The shop owners themselves voluntarily agree to let plainclothes officers into their establishments, and must sign a contract with the West New York Police Department. Thus far, according to Monti, not one owner has refused.

The targeted shops are located throughout the town, concentrated on Hudson, Broadway, Bergenline, and Park avenues, Indri said. Officers are assigned randomly on different nights during the week. This prevents people from anticipating where they might be at any given time, with a farther-reaching “big brother” effect, Indri explained.

“The Cops in Shops program is a great deterrent,” Officer Hector Rodriguez said. He has worked one shift since its January inception.

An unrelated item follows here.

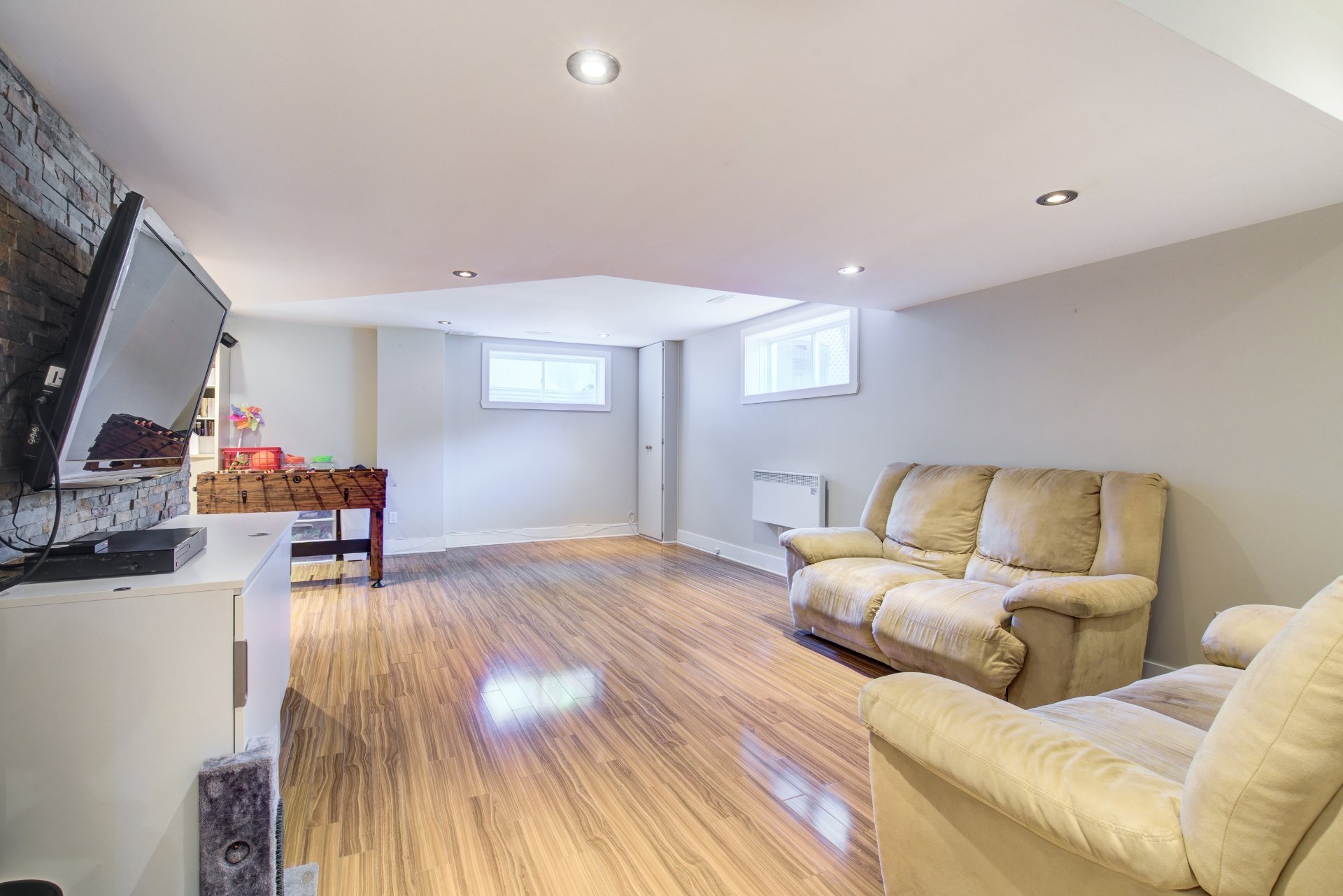Luminaires, pôles, rideaux, toiles/stores des fenêtres, ouvre porte de garage électrique et manette, remise, aspirateur central et acc., piscine et acc., thp piscine, système d'alarme, 3 supports à télévision, miroirs...

“It’s also a really nice way to give our guys a little extra in economically tough times,” Indri added.

The bigger picture

Cops in Shops is one effort in conjunction with several others the town has set in motion to keep their children safe. Roque and the Board of Commissioners passed an ordinance in January that allows police to write a citation and fine the owners of private residences who allow underage drinking in their homes.

Indri plans to one day install surveillance cameras around the town to monitor raucous behavior related to alcohol consumption. “There’s a lot of things we want to do,” Indri said. “We’ve really been able to work with together across departments, and it’s become infectious in this town to work together to ensure the safety of all of our residents.”

Funding for Cops in Shops is provided through a federal grant from the Office of Juvenile Justice and Delinquency Prevention to the State Division of Alcoholic Beverage Control.